● Task goal: Restate each record below word for word, skipping images.

● Entries shown:
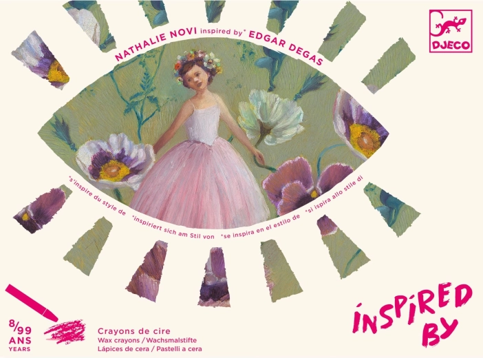 Sættet Djeco Inspired by Degas bringer børn tættere på impressionismens poesi gennem temaer om dans og bevægelse. Takket være fortrykte baggrunde og intuitive trin-for-trin-metoder opnår børn nemt imponerende resultater og får glæde ved at skabe.
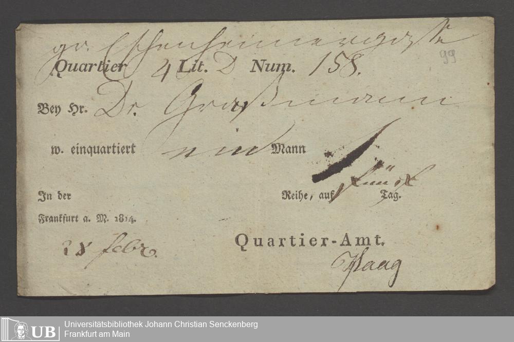 B 5 Dr. Senckenbergische Stiftung, 12 - Einquartierungszettel, Militärpässe
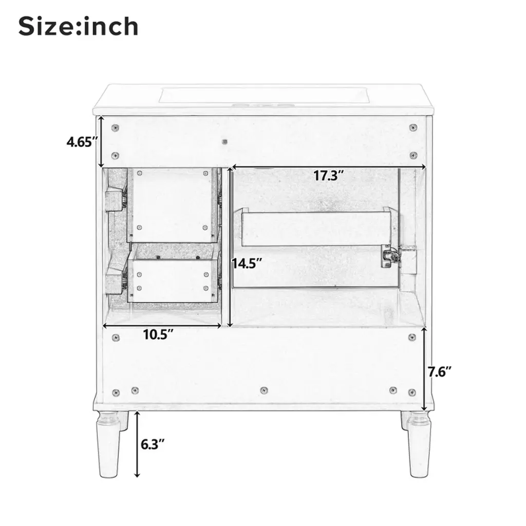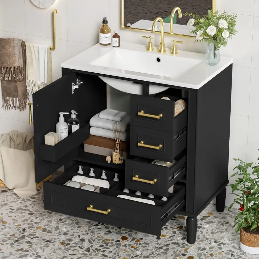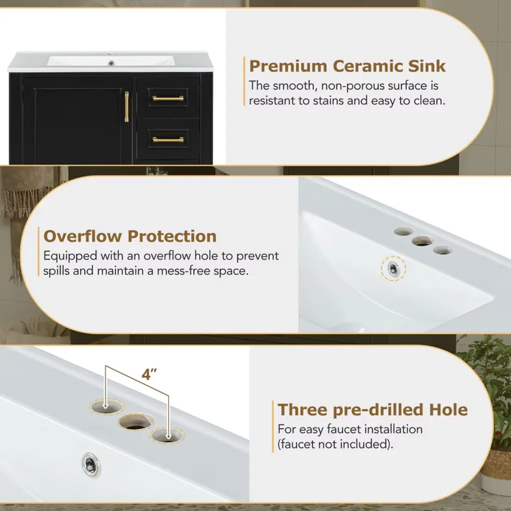 ChicFurnit offers a stylish freestanding vanity that is perfectly sized for compact bathrooms, maximizing space while maintaining both functionality and elegance. The durable ceramic basin resists stains and is easy to clean, making daily maintenance a breeze. With an integrated overflow drain, this vanity helps prevent water spills and keeps your bathroom dry. Constructed with a solid wood frame and premium MDF, it provides lasting durability. The soft-close door and three drawers offer generous storage to keep essentials organized.
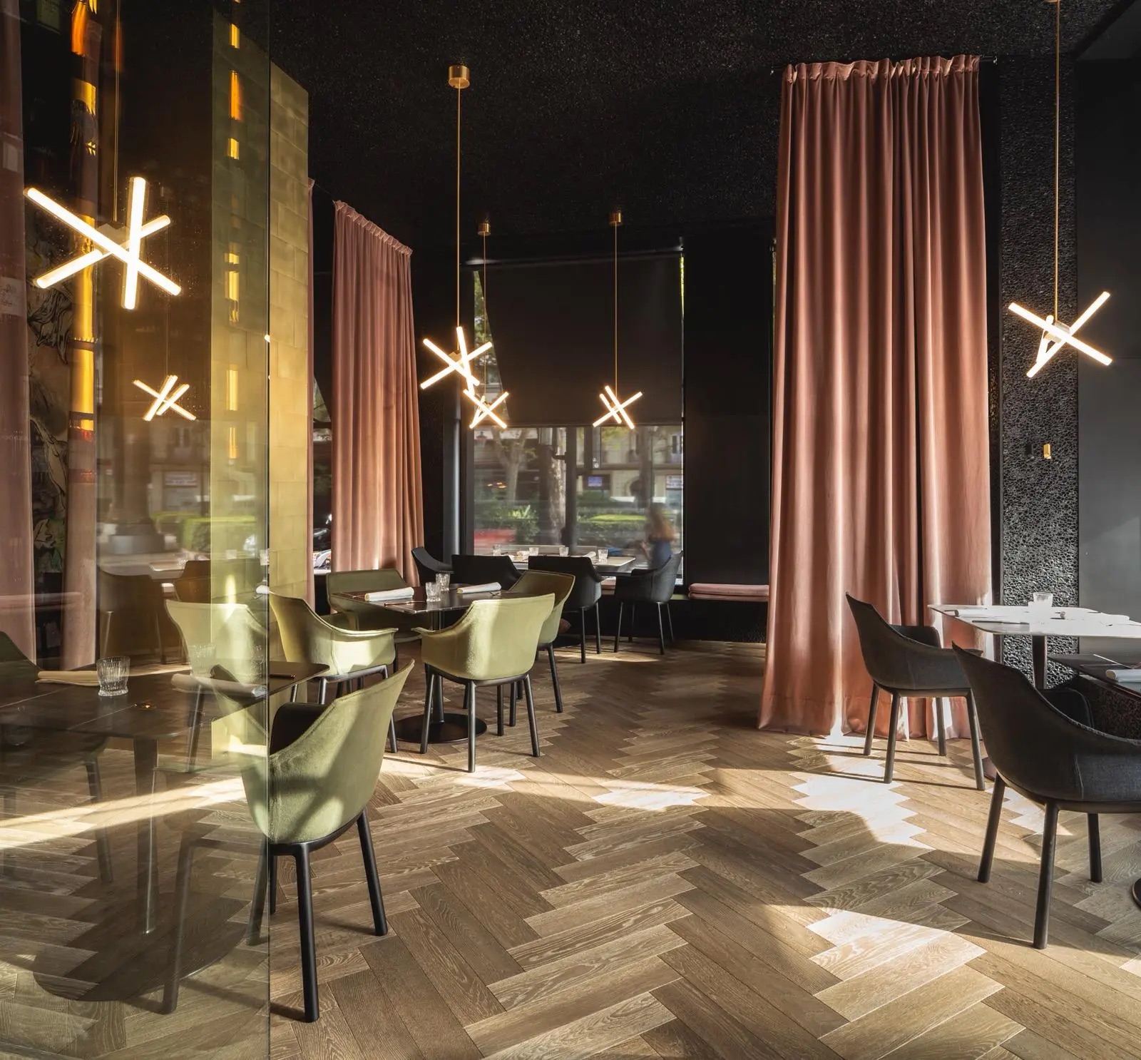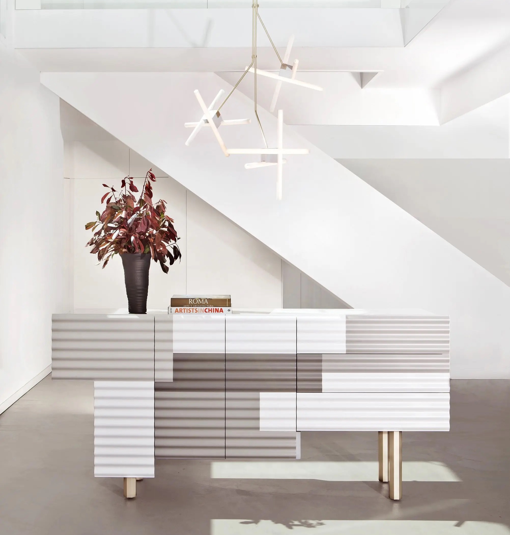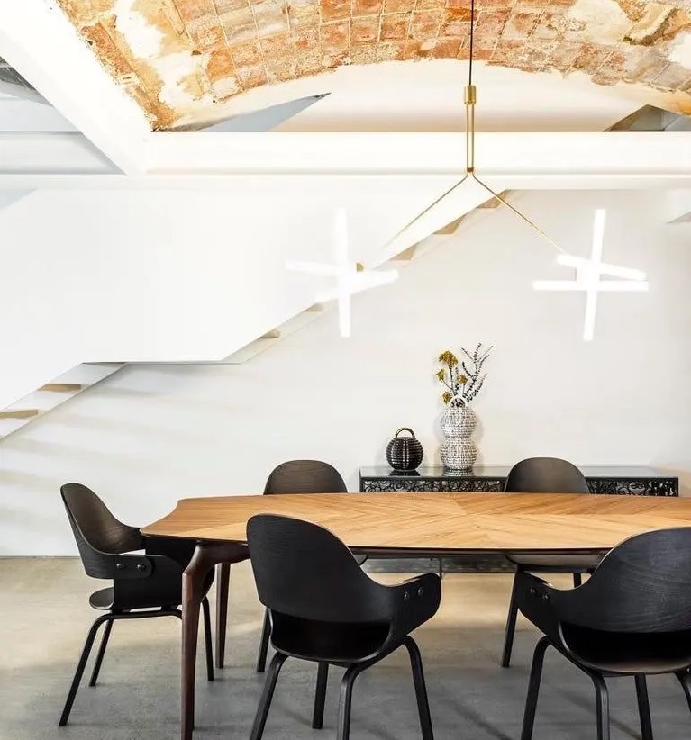 Featuring an industrial yet elegant aesthetic, the Olvidada Pendant consists of slender metal tubing finished in polished brass, copper, or matte black, with exposed bulbs that emit a warm and inviting glow, in 3 sizes. Its linear form makes it ideal for illuminating dining tables, kitchen counters, or bar areas with a distinctive touch of sophistication.
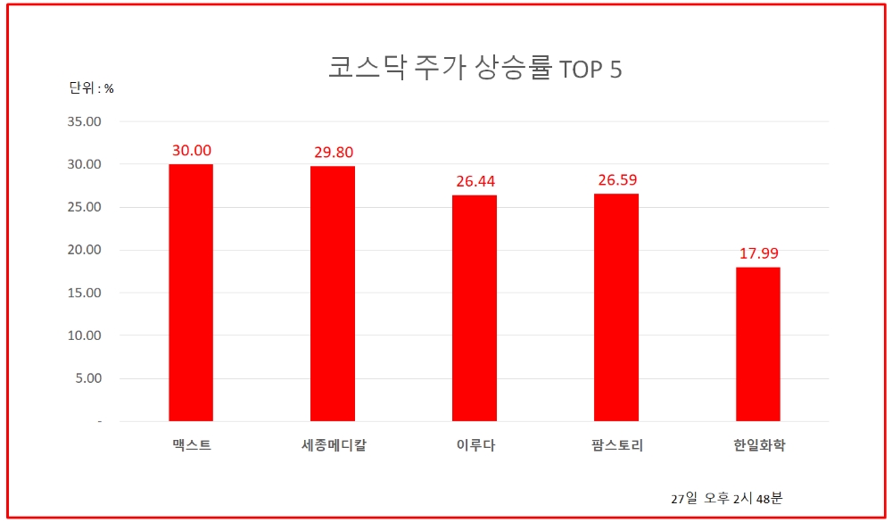 1위 맥스트 39000원 ( 30% ), 2위 세종메디칼 22650원 ( 29.8% ), 3위 이루다 16500원 ( 26.44% ), 4위 팜스토리 2880원 ( 26.59% ), 5위 한일화학 19350원 ( 17.99% ), 6위 조아제약 4815원 ( 14.78% ), 7위 홈캐스트 4010원 ( 13.12% ), 8위 한국비엔씨 13900원 ( 13.01% ), 9위#대아티아이 6680원 ( 12.84% ), 10위#아난티 10750원 ( 13.28% )

● Reply:
 Sættet Djeco Inspired by Degas bringer børn tættere på impressionismens poesi gennem temaer om dans og bevægelse. Takket være fortrykte baggrunde og intuitive trin-for-trin-metoder opnår børn nemt imponerende resultater og får glæde ved at skabe.
 B 5 Dr. Senckenbergische Stiftung, 12 - Einquartierungszettel, Militärpässe
 ChicFurnit offers a stylish freestanding vanity that is perfectly sized for compact bathrooms, maximizing space while maintaining both functionality and elegance. The durable ceramic basin resists stains and is easy to clean, making daily maintenance a breeze. With an integrated overflow drain, this vanity helps prevent water spills and keeps your bathroom dry. Constructed with a solid wood frame and premium MDF, it provides lasting durability. The soft-close door and three drawers offer generous storage to keep essentials organized.
 Featuring an industrial yet elegant aesthetic, the Olvidada Pendant consists of slender metal tubing finished in polished brass, copper, or matte black, with exposed bulbs that emit a warm and inviting glow, in 3 sizes. Its linear form makes it ideal for illuminating dining tables, kitchen counters, or bar areas with a distinctive touch of sophistication.
 1위 맥스트 39000원 ( 30% ), 2위 세종메디칼 22650원 ( 29.8% ), 3위 이루다 16500원 ( 26.44% ), 4위 팜스토리 2880원 ( 26.59% ), 5위 한일화학 19350원 ( 17.99% ), 6위 조아제약 4815원 ( 14.78% ), 7위 홈캐스트 4010원 ( 13.12% ), 8위 한국비엔씨 13900원 ( 13.01% ), 9위#대아티아이 6680원 ( 12.84% ), 10위#아난티 10750원 ( 13.28% )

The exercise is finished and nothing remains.